Bangladesh’s debt burden ‘set to surge further’

17 September 2020 ONLINE DESK
Bangladesh’s debt burden  ‘set to surge further’

Bangladesh is going to plunge into a ‘newer depth of debt’, both from internal and external sources, in the coming days as it is spending additional money to salvage the economy hit hard by the COVID-19 pandemic, according to an analysis.
So far, the government has announced a set of COVID-19 recovery packages worth 13.25 billion dollars, which is equivalent to 4.03 percent of the GDP, aiming to revitalise the country’s economic activities and production system.
The government has projected that the debt status of the country will be 38.3 percent of the total GDP in the 2022-23 fiscal year.
According to an official document, the amount will be Tk 15,480 billion where internal sources will contribute Tk 9597.8 billion, which is 62 percent of the amount, and external sources will contribute Tk 5882.6 billion, which is 38 percent.
The country’s debt status in 2021-22 fiscal will stand at Tk 13,531.5 billion which will be 37.8 percent of the total GDP. Of the amount, internal sources will contribute Tk 8408.6 billion, which is 62.1 percent of the amount, while external sources will contribute Tk 5122.9 billion, which is 37.9 percent.
In the current fiscal, the debt status stands at Tk 11,678.3 billion with 36.8 percent of the GDP. Internal sources are contributing Tk 7355.5 billion, which is 63 percent, and external sources are contributing Tk 4322.8 billion, which is 37 percent.
The total amount is 1.2 percent higher of the GDP from the revised debt status target of 2019-20 fiscal.
The revised status of the previous fiscal was Tk 9996.9 billion and it was 35.6 percent of the GDP. Internal sources injected Tk 6235.8 billion, which was 62.4 percent, while external sources gave Tk 3761.1 percent, which was 37.6 percent.
The amount was Tk 8419.1 billion in 2018-19 fiscal, which was 33.2 percent of the GDP. Internal sources contributed Tk 5338.1 billion (63.4 percent) and external sources Tk 3081 billion (36.6 percent).
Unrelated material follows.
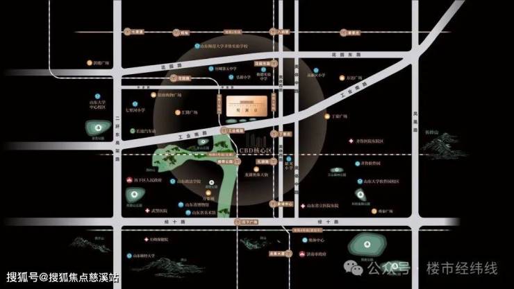 鼎立济南CBD核芯,纵享便捷立体交通,约3公里内纵揽商、产、学、园、医、文等高净值精粹配套,执掌万般优越,启新塔尖级高光生活版图。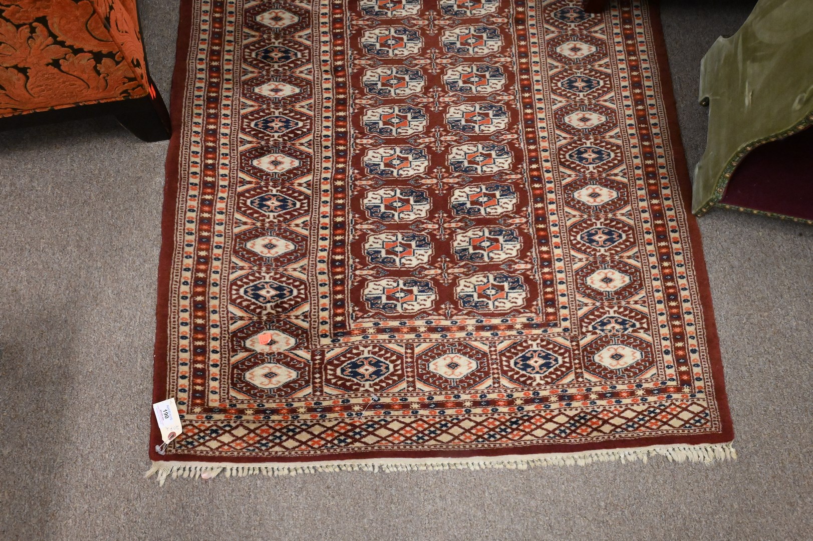Bokara Oriental Throw Rug, 3′ x 8′ 9″.

The document mentioned that there is a possibility for significantly lower interest rates of loans worldwide during a mid-term period. It referred to the COVID-19 pandemic and the negative growth around the world for the dismal scenario.
"For the total economic recovery, it’ll take some more time," the document reads.
So, the deficit financing from outer resources would be comparatively cheap.
The document also said proper mixing of loans from internal and external resources will play an important role in reducing financing expenditure and lowering the outstanding debt status from its sliding up.
Various economic sectors, including export-oriented industries, small, medium and cottage industries, agriculture, fish farming, poultry and livestock have been brought under these incentive packages.
Among the packages, Tk 30,000 crore has been allocated for providing working capital facility to the affected industries and services sector organisations, Tk 20,000 crore stimulus package for supplying working capital to the small, including cottage industries) and medium industrial enterprises. Special fund for the export-oriented industries with Tk 5,000 crore and expanding the facilities of Export Development Fund (EDF) introduced by the Bangladesh Bank with Tk 12,750 crore.
A total of Tk 2,500 crore was allocated for Palli Sanchay Bank, Karmasangsthan Bank, Probsahi Kalyan Bank and Palli Karma Sahayak Foundation to help the youth and expatriates who lost their jobs for the pandemic.
Another amount of Tk 5,000 crore has been allocated for the farmers at only 4 percent interest to offset the fallout of the COVID-19 in agriculture and the government will waive Tk 1,840 crore bank interests of the people affected badly by the nationwide shutdown enforced to contain the coronavirus pandemic.